A small stream of gas at high velocity can be used to produce a larger flow in some other fluid. I agree with that, but what about the time-machine Coanda must have used to apply this principal on just about every locomotive of the late 19th century? (that's what makes the chugging sound, Andy). How is it justified to imply that he came up with something that was commonplace years before he was born? He didn't even originate it's application in aircraft(Maxim is an early, but not the sole, example of this), but that's a bit off the point unless some one tries to make an issue of it in the article.Ion G Nemes (talk) 18:00, 11 January 2011 (UTC) I have also removed your references to the avrocar because the description you present for it's mode of operation is completely wrong. If you had bothered to look at that diagram you restored to the page you'd see a large ducted fan in the center.Ion G Nemes (talk) 18:00, 11 January 2011 (UTC)
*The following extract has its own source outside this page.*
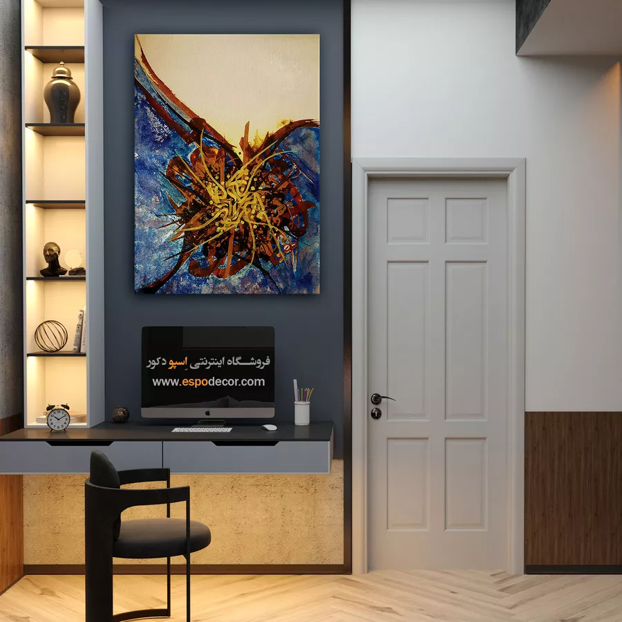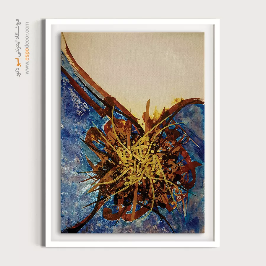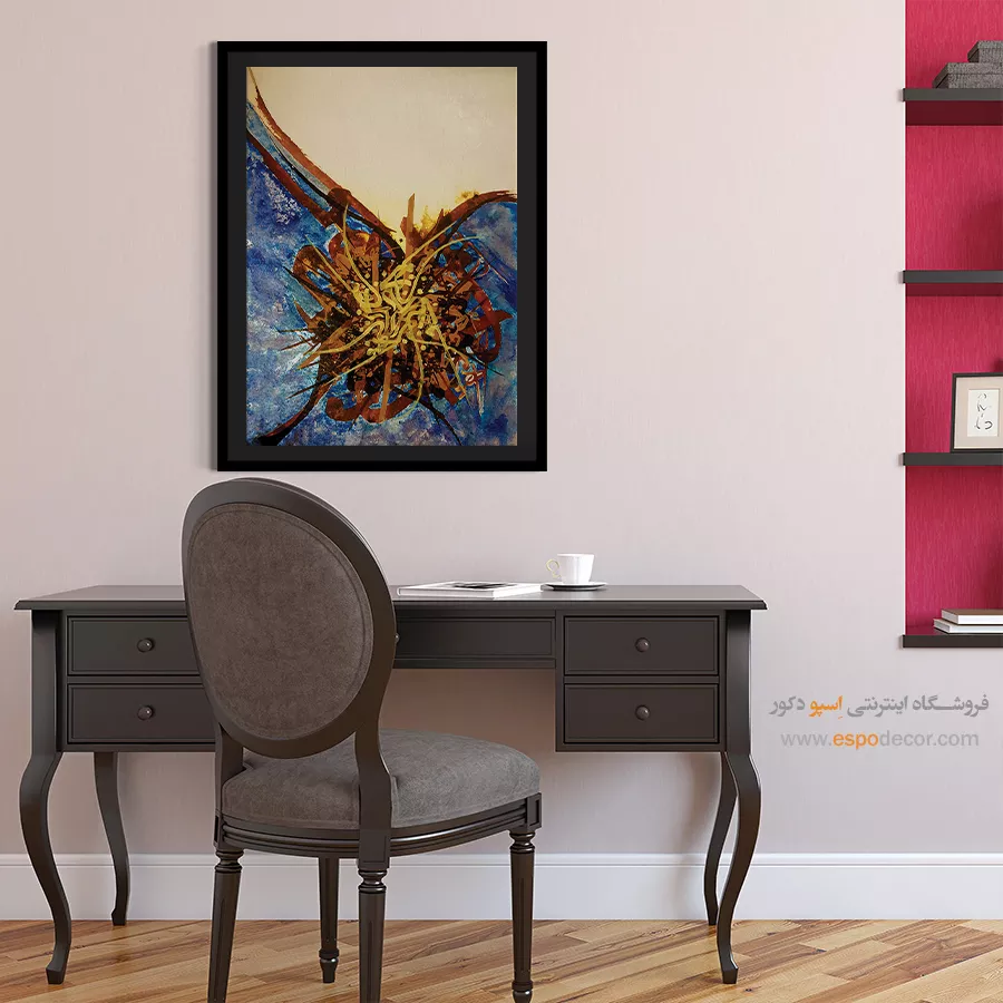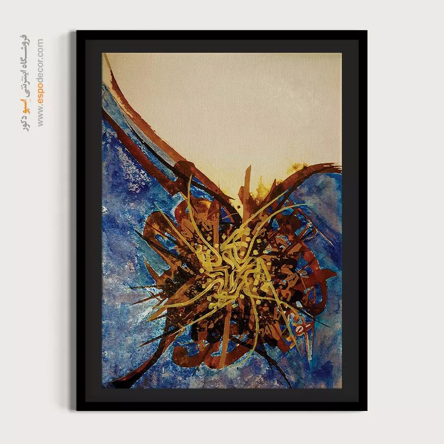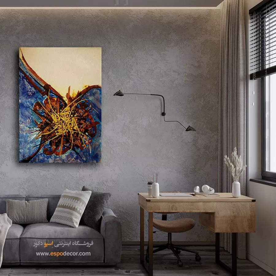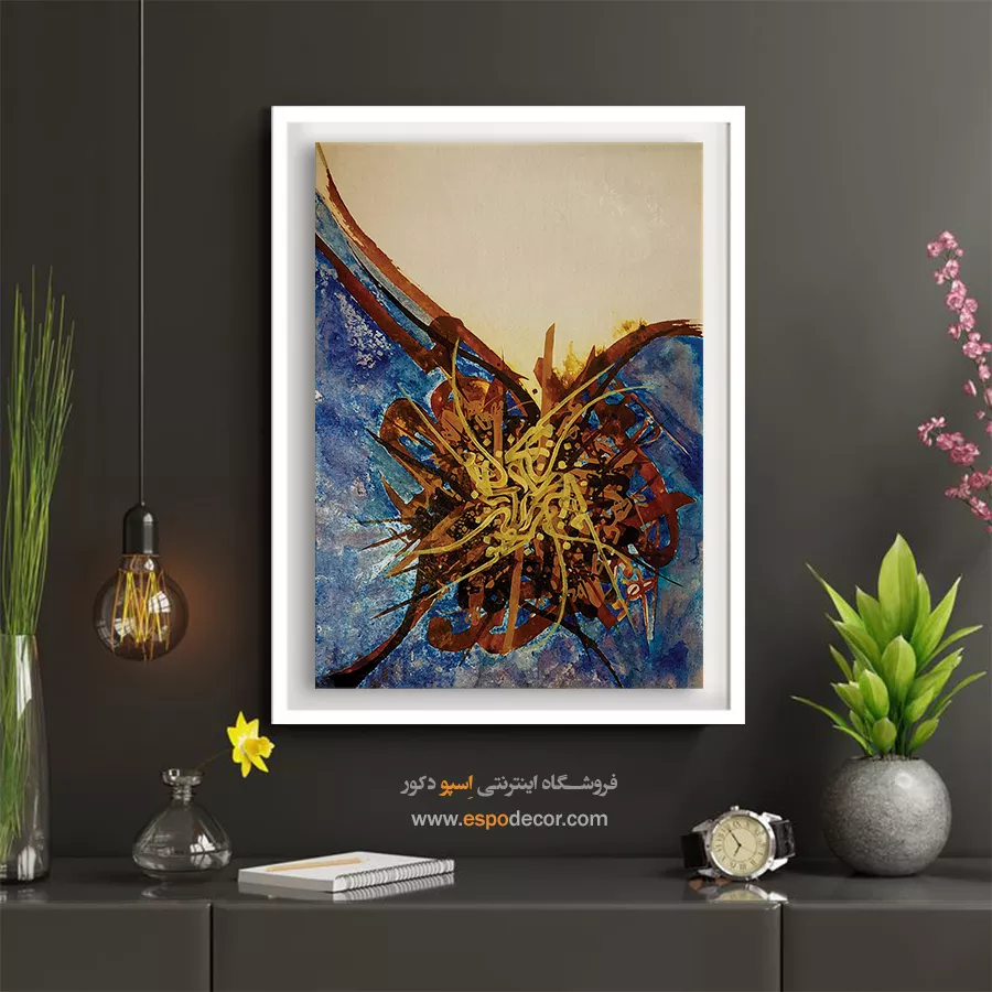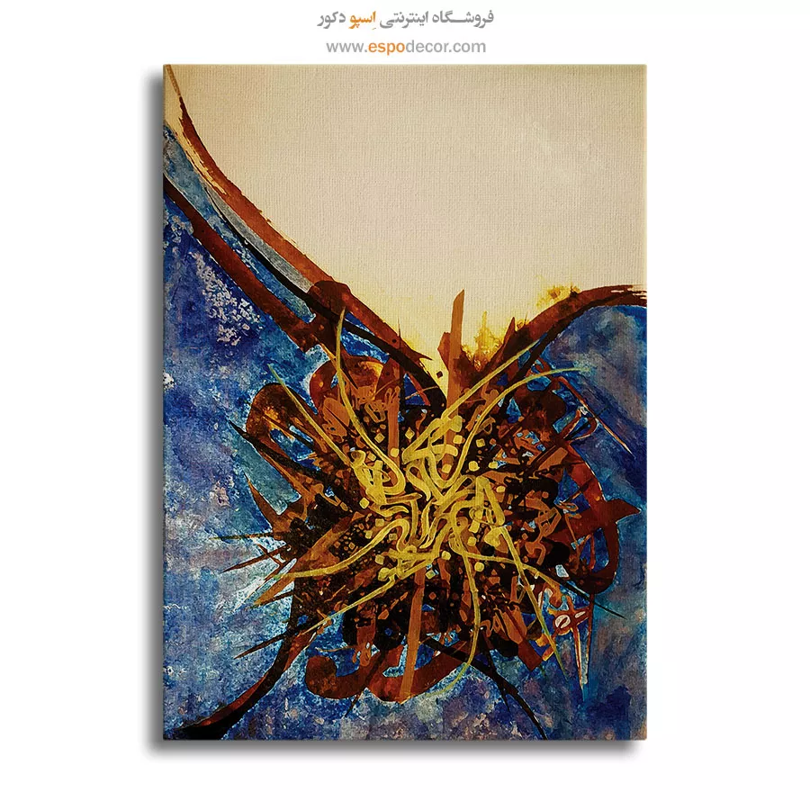 رنگ آبی عمیق در این تابلو نماد آرامش، تفکر و معنویت است، در حالی که طلایی یادآور شکوه، نور و انرژی الهامبخش است. ترکیب این دو رنگ با قهوهای تیره، کنتراستی چشمنواز ایجاد کرده که میتواند به فضا حس تعادل میان آرامش و شکوه ببخشد. این انتخاب رنگی باعث میشود تابلو هم در دکوراسیونهای مدرن و هم کلاسیک جلوهای خاص داشته باشد.

Steam locomotive exhaust systems rely on Coanda effect? Simply put - No. If you want references, go and read Koopman's The Fire Burns Much Better, which is by far the most comprehensive study of both this, and the history of theories for how it worked. Sadly it's hand-printed by elves with a print run of a dozen (an MSc thesis) and damned hard to find a copy of, but it is the book on the subject. Livio Dante Porta, and of course Chapelon (I'm hoping you can read French, as you have an interest in Coanda), are also the usual texts on the subject. But no, it doesn't work by the Coanda effect.
As to the rest, then Coanda described the Coanda effect and the Chinese had probably been cursing the dribbling teapot quite well without for centuries beforehand. Discovery and description isn't, of course, invention.
For the Avrocar, then the use of the fan for lift doesn't have much to do with the periphery jets and their use of Coanda for horizontal propulsion and control in all three axes. Andy Dingley (talk) 02:39, 12 January 2011 (UTC)
Actually, I wasn't trying to suggest that forced-draft in locomotives used the Coanda effect(hence the question mark, and the complete lack of any such assertion in my post). I was trying to suggest that forced-draft in locomotives was produced by a small stream of gas at high velocity being used to produce a larger flow in some other fluid(Am I correct sir?). And that therefore the use of a small stream of gas at high velocity to produce a larger flow in some other fluid is not necessarily a consequence of Coanda's work(Am I correct sir?). Your edit gives the impression that it was giving credit to Coanda for the Idea that a small stream of gas at high velocity can be used to to produce a larger flow in some other fluid. Was this your intention? But perhaps this discussion would best be continued on the Coanda page.(By the way, In my ignorance I always thought teapots dribbled because of surface-tension effects, but your statement that the Coanda effect is actually responsible makes me appreciate yet again the true depth of your expertise. Thanks for the information, I love learning new things!)
As to the Avrocar: I see that you have recruited the aid of your old pal Lsorin for editing this page. What a nice gesture. That should certainly improve the discourse to no end. Maybe if you can track down that anonymous poster with the dynamic IP from the coanda 1910 page you'll bring him along too! Ion G Nemes (talk) 04:23, 14 January 2011 (UTC)

Coandă-1910[edit]

Hi. Your revert removed my copyedit. Was this intentional? --John (talk) 16:10, 13 January 2011 (UTC)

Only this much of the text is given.